The WHO Strategic Advisory Group of Experts (SAGE) issued interim recommendations for the use of the Sinopharm vaccine (BIBP-CoV) developed by Beijing Institute of Biological Products Co. against COVID-19 on 29 April 2021. As new data becomes available, the WHO will update recommendations accordingly.3

Because of that, only now we have more precise information about this vaccine (the trade name is Covilo) which shows an efficacy of 79% in preventing symptomatic infection and hospitalization. No important side effects are detected other than pain at the site of injection, headache or fatigue. This vaccine is an inactivated vaccine (Vero cell) whose developers were Sinopharm + China National Biotec Group Co + Wuhan Institute of Biological Products.4 The vaccine, prepared with the inactivated whole virus, has several advantages, including low manufacturing cost, safety, and does not involve genetic manipulation.
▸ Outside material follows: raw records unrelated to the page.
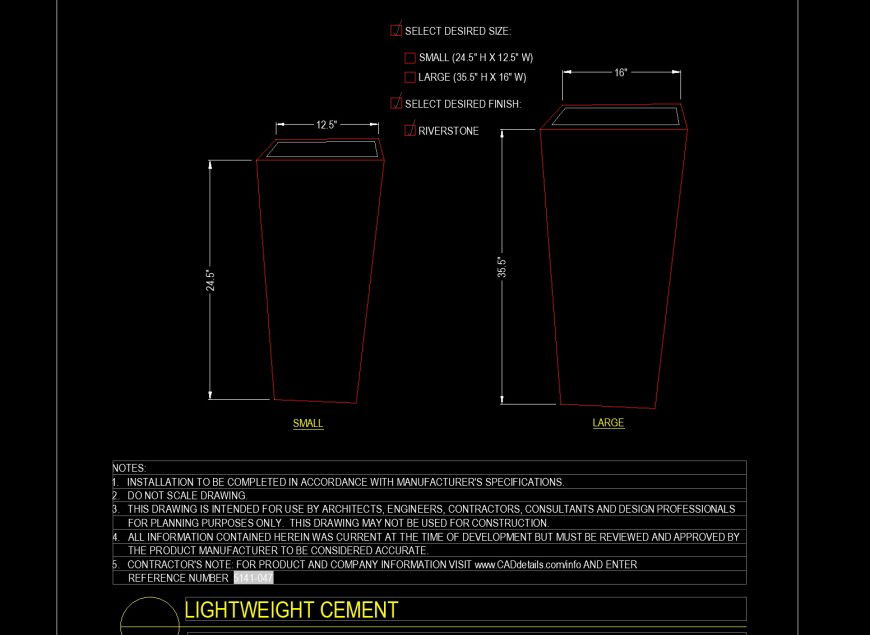 Light weight cement in dwg file. detail drawing of pot, with front elevation, small and large size pots, dimensions details, using river stone as a material.
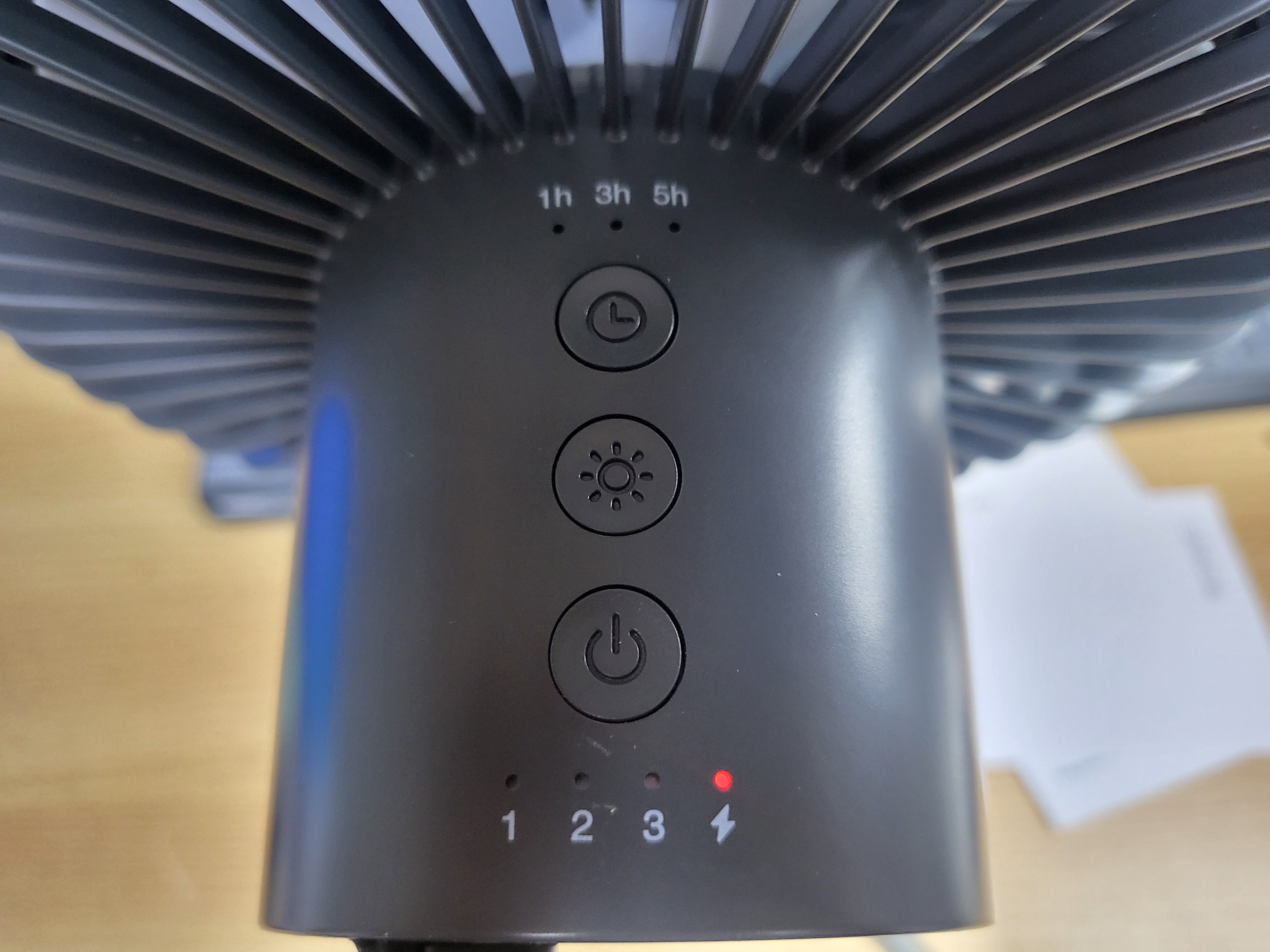 뒤에는 타이머 버튼과 LED 조명버튼, 그리고 전원버튼이 있습니다. 풍속은 3단으로 전원버튼을 순차적으로 누르면 변경됩니다.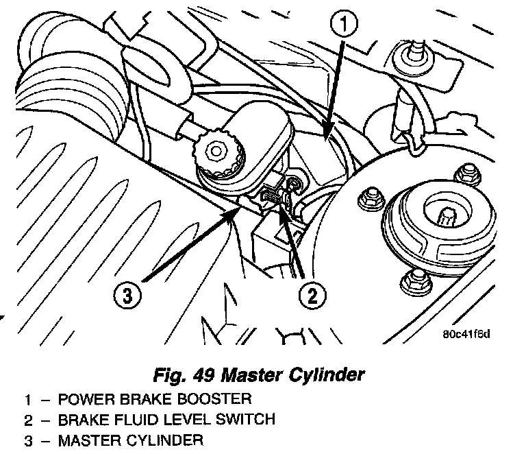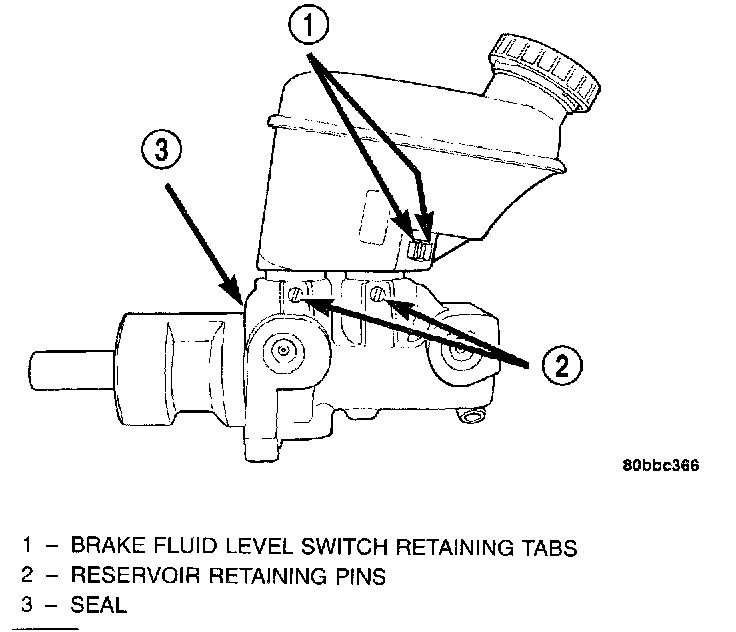 1. Remove the vehicle wiring harness connector from brake fluid level switch in master cylinder brake fluid reservoir.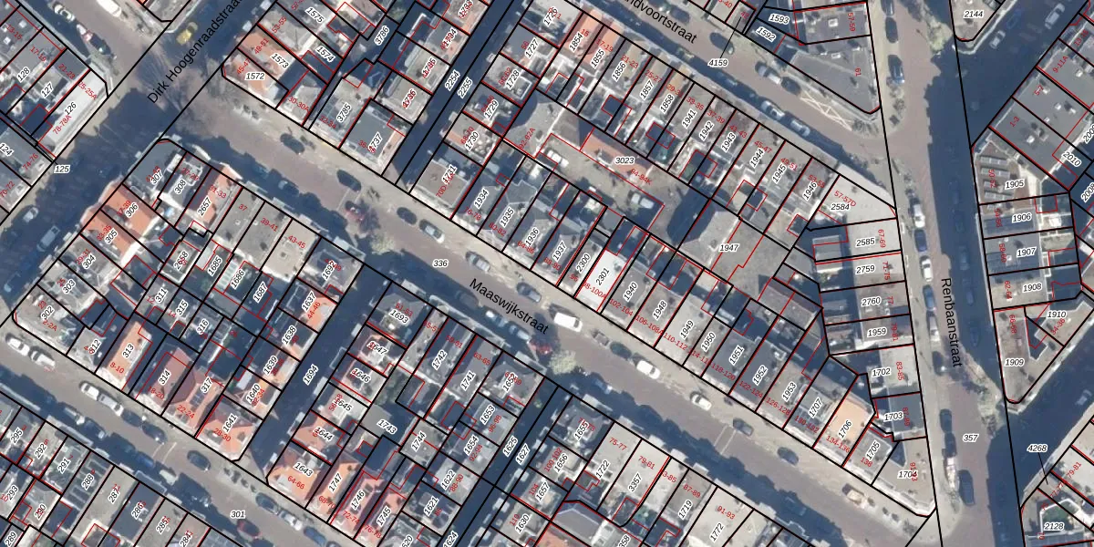 Het perceel waarop Maaswijkstraat 90 staat heeft een oppervlakte van 99 m². Dit is een klein perceel. De perceeloppervlakte wordt geregistreerd door het Kadaster. Gedetailleerde informatie over de maten van dit perceel kunt u vinden in het rapport Kadastrale kaart met maatvoering van Maaswijkstraat 90.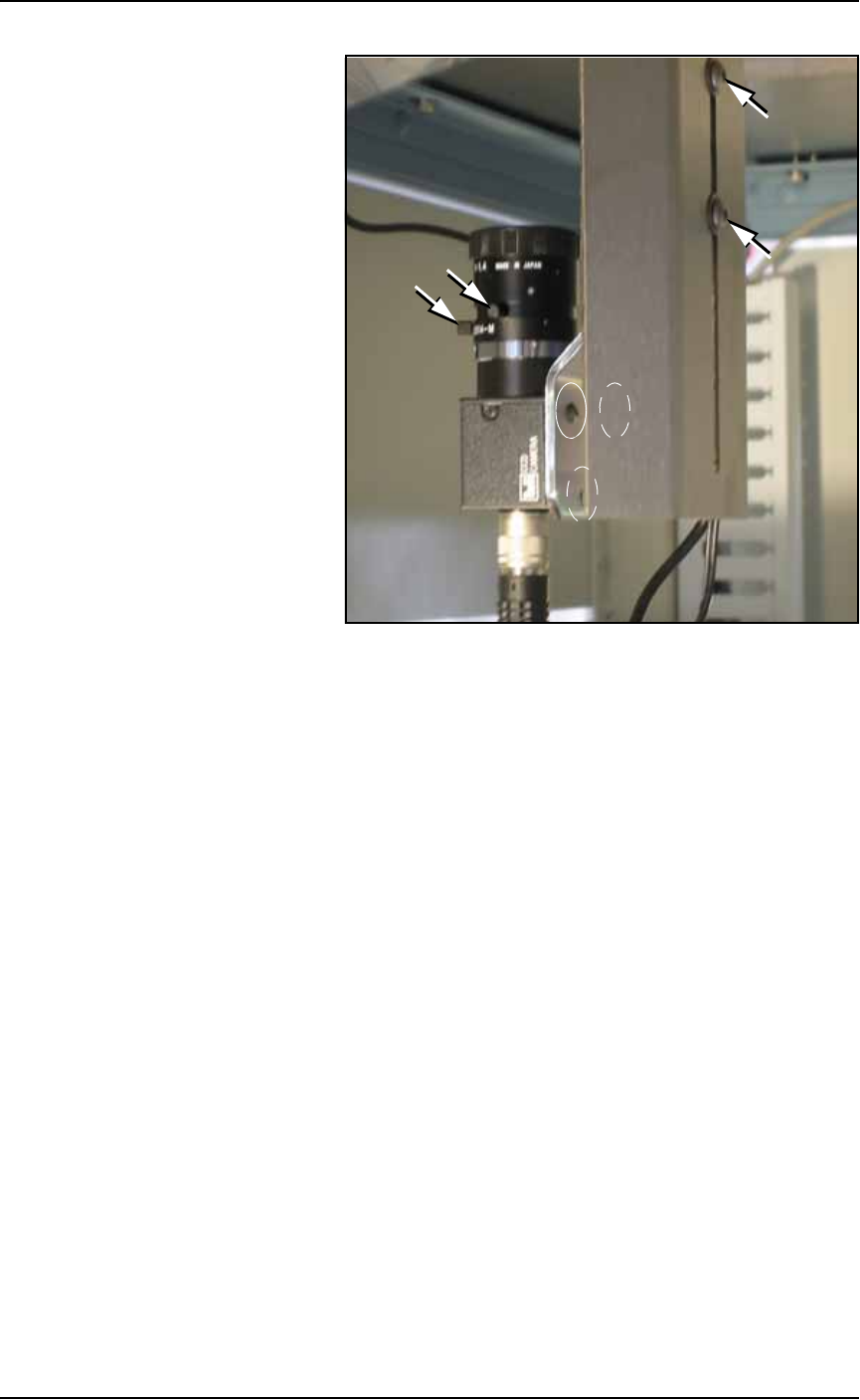 Maintenance ■ T he Vision System 4—50 Data I/O • 981-0424 -002 back Figure 4-4 7 : Camera mounting screws and f ocus ring knobs. Dashed ov als indicat e screws hidd en in this vie w . 2c. Check the two lens focus-ring th…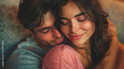 Relaxed couple cuddling smiling with eyes closed closeup image. Gentle embrace boyfriend girlfriend caucasian close up photography. Peaceful moment of affection concept photo realistic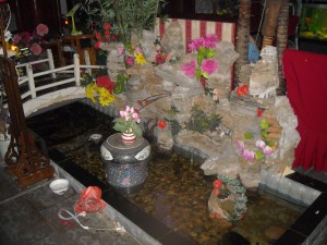 Since we arrived late in the day that first night we just wandered around. We walked a mile or so down and up some streets until we found a pond. The sun was setting so we just enjoyed walking around it for a while. In China, just about every public area you go to has the max capacity of human bodies. Eventually the pond/park place became a bit crowded. Noelle and I ditched it for some grub. We found a nice restaurant that served some Western style food. The Little Yard.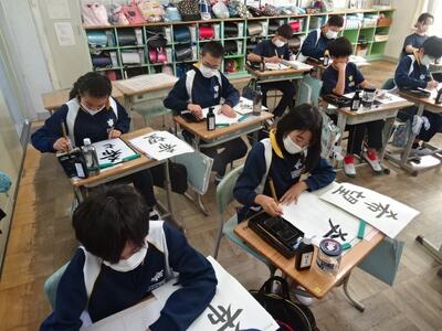 6年 書写の授業の様子です。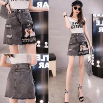 Denim short skirt skirt female spring and summer Korean version of high waist fashion thin lace stitching diamond-encrusted A-line skirt short skirt female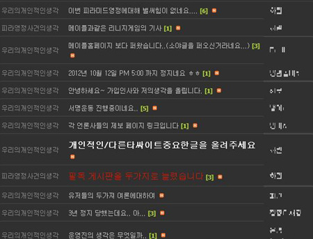 <메이플스토리 관련 커뮤니티의 게시판을 꽉 채운 항의글>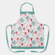 This cute kitchen apron features a blue, red, pink, and white pattern of boho style coffee pots, cups, sugar jars and spoons, as well as flower and berry images. At the top and bottom are matching solid blue borders, with your monogram in blue on a circle banner at the top. Pretty, and personalised, too.

This approach uses technology that has been shown to work very well such as for the vaccines against influenza and polio.4

The study in Phase 3 (Trials ChiCTR2000034780) projected by Wuhan Institute of Biological Products Co., Ltd and by Beijing Institute of Biological Products Co., Ltd, evaluated the efficacy, the immunogenicity and the safety of the inactivated SARS-CoV-2 vaccine in a healthy population aged 18 years or older receiving in a random way two doses of the experimental Vero Cell vaccine, or placebo, at time 0 and 21 days after the first administration.5,6 The vaccine can be stored at 2–8°C but it should be protected from light. As it is well known, SARS-CoV-2 viruses undergo evolution, consequently some new virus variants may be associated with higher transmissibility and disease severity, The efficacy of the COVID-19 vaccine BIBP has not yet been evaluated in the context of widespread circulation of variants of concern (VOC) but this is assumed to be done shortly.3

The vaccine booster, after the two doses included in the normal vaccinal program, is currently contemplated for frail subjects with comorbidities, healthy workers, teachers, immunocompromised patients, and others. It is worth noting that at the time of our review, there was still no talk of the booster at all. In the near future the third dose of the vaccine might be extended to the entire population. Administration of a third dose of an inactivated virus vaccine (Vero cell) can boost the immune response and increase the duration of anamnestic responses against SARS-CoV-2.7 So far the approval by the FDA of the third dose refers only to the Pfizer-BioNTech (Comirnaty®) vaccine anti-COVID-19 to allow for emergency use of a single booster dose to be administered at least six months after completion of the primary series for particular subjects.8

Disclosure

The authors declare no conflicts of interest for this communication.